I am on the book of faces, but its always good to remember that we are the product being consumed…
B-but I thought it was censorship only if it was enforced by a government, right?
walled gardens that someone else owns and operates are a dangerous place to live.
And yet you keep posting to Facebook and trusting it to connect you to people you like.
Facebook has long blocked links to fbpurity.com – a browser extension that removes cruft and generally gives you much better control of your Facebook experience. Sometimes it claims that FBpurity is spam, sometimes malware, etc.
A Facebook that isn’t just a complete timeline of statuses and shares from all the people you’re following in chronological order (minus what you’ve filtered out yourself) is broken and not fit for purpose.
So it’s been useless for years.
mxtoolbox is a tool we subscribe to at work to help us investigate whether companies are sending spam. I just checked tsu.co on their Blacklist check and they’re not on any of the 102 blacklists MXtoolbox uses. Which means it looks like it’s just FB.
You mean Facebook isn’t a benevolent overlord?
c’mon streisand effect
It is markedly more creepy because facebook is the sinister juggernaut poster boy for privatized walled-garden surveillance dystopias(so anything it does both has relatively broad impact; and it is in a great position to do even things that markedly degrade customer experience because what are they going to do; quit?); but this looks like an absolutely standard manifestation of a problem that can only really be held in check by competition rather than policy:
If you offer a convenient mechanism for putting URLs in other peoples’ faces and have a ‘never excise or block’ policy; you will be letting assorted social engineering attacks, drive-by exploits, and who knows what else run riot(facebook is certainly evil, and often surprisingly hamfisted; but it’d be hard to argue that they don’t have, or couldn’t trivially acquire, security research resources that make them a much better judge of a given site or link’s safety than most of their users). Unless you specifically are offering a venue where those who think that they are up to it swim with the sharks at their own risk; it’s pretty hard to argue with proposals that undeniably do protect users; but also require building capabilities that can be easily enough used to block more or less anything just by modifying the ruleset.

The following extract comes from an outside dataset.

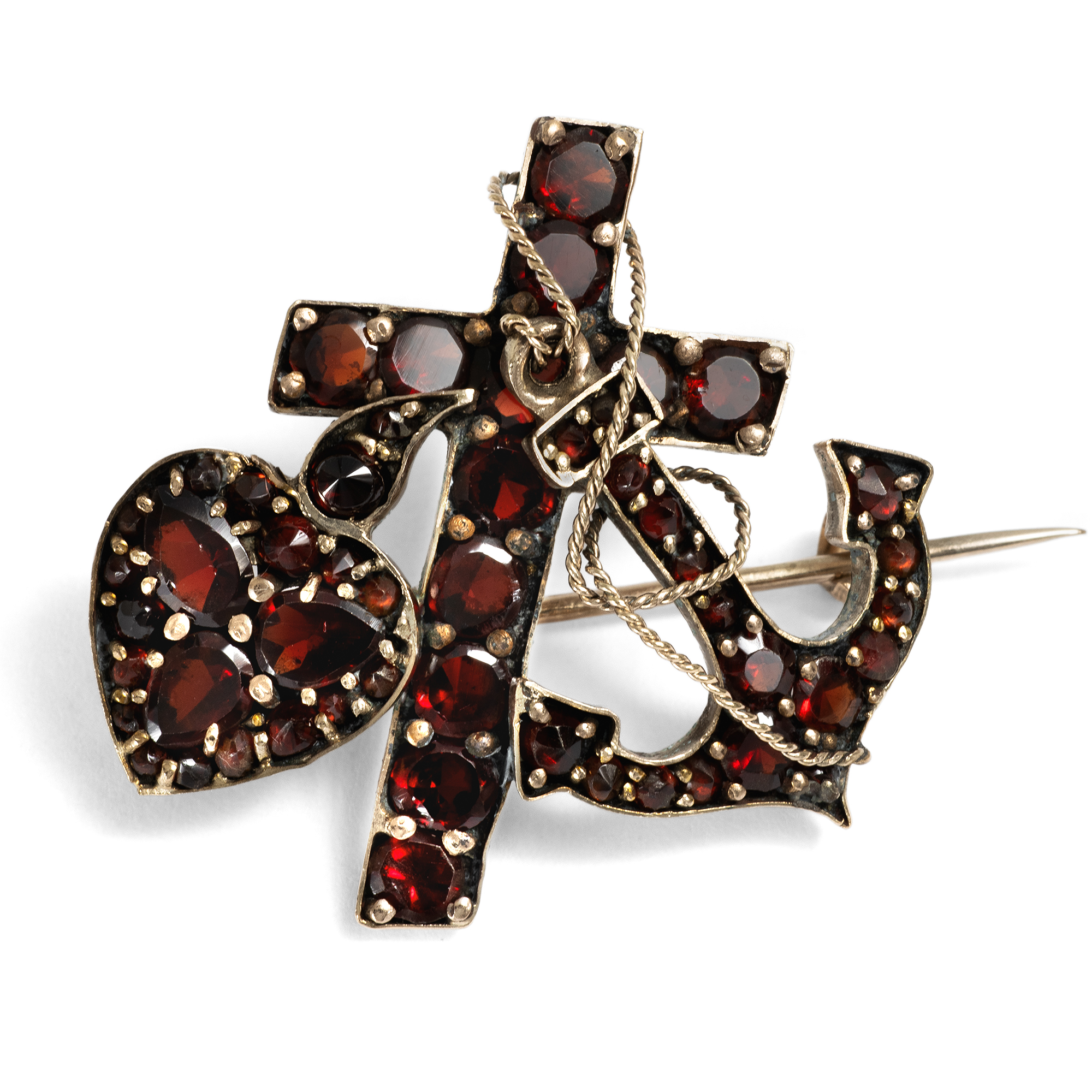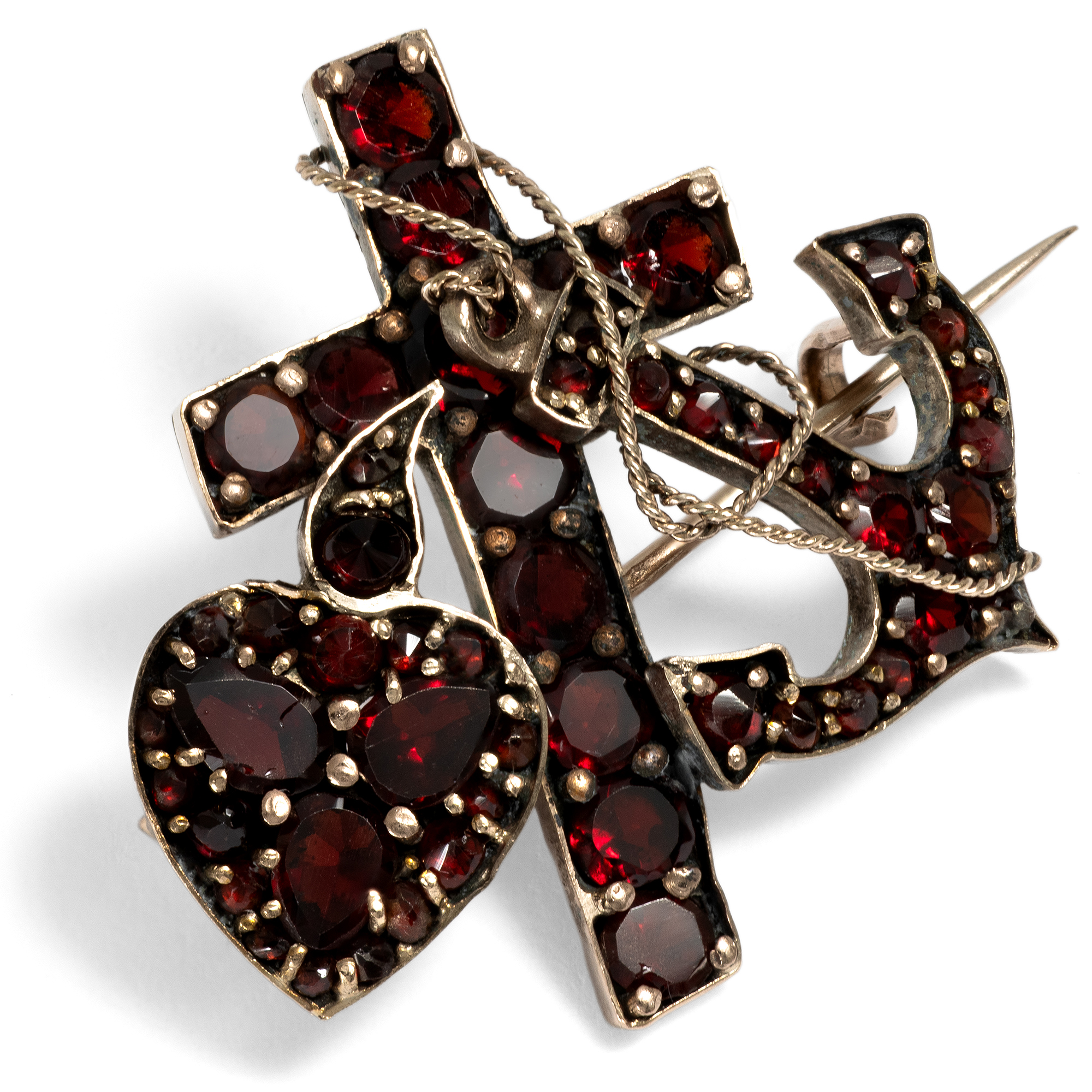 „Für jetzt bleiben Glaube, Hoffnung, Liebe, diese drei; doch am größten unter ihnen ist die Liebe.“ (1 Kor 13,13) Die drei christlichen Tugenden waren oft Thema der bildenden Künste, doch auch Gegenstand im Bereich des Schmucks. Dabei werden einer alten Tradition zufolge Glaube, Liebe und Hoffnung, durch Anker, Herz und Kreuz dargestellt. Die hier vorliegende Brosche präsentiert die drei Symbole in funkelndem Granat. Die Granate aus Böhmen sind im Rosen- und im Tafelschliff geformt und in vergoldetes Tombak gefasst. Schön ist das Details des Taus, dass den Anker und das Kreuz verbindet. Die Brosche ist ausweislich ihrer Verarbeitung in den Jahren um 1900 entstanden. Wir haben sie hier in Berlin als Teil einer größeren Sammlung Granatschmuck aus dem Nachlass eines Juweliers ankaufen können. Sie ist daher sehr wahrscheinlich bislang noch nie getragen worden. Gleichwohl ist das Metall stellenweise leicht angelaufen.

Of course, once you do break the ‘never excise or block’ rule; you may have a honeymoon period where that power is genuinely in the hands of benevolent technocrats carefully firewalled from the business side and charged with upholding a commitment to network epidemiology with the highest standards of professional judgement and avoidance of conflict of interest; but it probably won’t last. Once making clearly-good modifications is an option, it won’t be long before all the other neat uses of censorship capabilities come knocking, often bearing a variety of compelling financial incentives.
The trouble is that facebook, given its dominance, almost certainly does have more to gain from shoving competitors into the memory hole than it has to lose from possibly alienating users who notice this happening and decide to leave. If this were some petty tyrant’s two-bit little message board; the problem would be self correcting: information dominance would be effectively impossible, and driving off the users would be pretty easy; but it’s not clear that facebook runs the same risks.
(edit: not that it necessarily matters, since the core problem is that facebook has the power to get away with it; not that their ‘only block bad things’ policy could somehow be written to be better; but the distant-second secondary issue is that a lot of things you’d classify as ‘facebook competitors’ are, by any reasonable definition, indeed dangerous, user-hostile, privacy-compromising, etc. that’s why they are classified as similar enough to facebook to be competition. It is, of course, the case that facebook is unlikely to block itself on these grounds; but even if their block-policy were, actually, still in the hands of benevolent technocrats, a fair few of facebook’s competitors in the poxed hell-world of ‘social’ could be quite honestly classified as dangerous enough to block on comparatively neutral technical grounds; so even a blocklist that the business side isn’t explicitly allowed to influence would likely have an anticompetitive effect.)
Workin’ just fiiiiine… I am now Ratsman there, because RatMan was taken. Hopefully not by some miscreant.
I tried sharing this story on Facebook, but they censored it.
This is happening with all sorts of posts. I cross post from my self hosted Known site and those posts are never seen by anyone but me. Facebook just doesn’t surface them for people that I’m connected to. It’s not just outright censorship that’s the problem…it’s the algorithm downgrading anything non-native to unknown degrees.
Remember Boy’s & Girl’s: It’s failbook’s house and as such you are just a free loading guest.
If you edit it to read “tee ess you dot cee oh (no em!)” that still works just fine, and you’re stickin’ it to the man in a totally childish fashion. I did and I giggled, I admit it, and I haven’t even partaken of any cumin yet this evening. Yeah sometimes I am still twelve, deal with it.
Aaaaaaaand Streisand effect.
oh no, our parents will be so disappointed!
poor facebook foggies…guess they’ll have to put down their laptops and go back to watching fox news.
Wow crazy. I’ve tweeted your article and posted the link to my tweet on FB just in case your account gets censored. I’d recommend that everyone does this to make sure the word gets out.
but why does facebook want to streisand tsu?
or how did tsu secure the streisand-ing force of the mighty fb?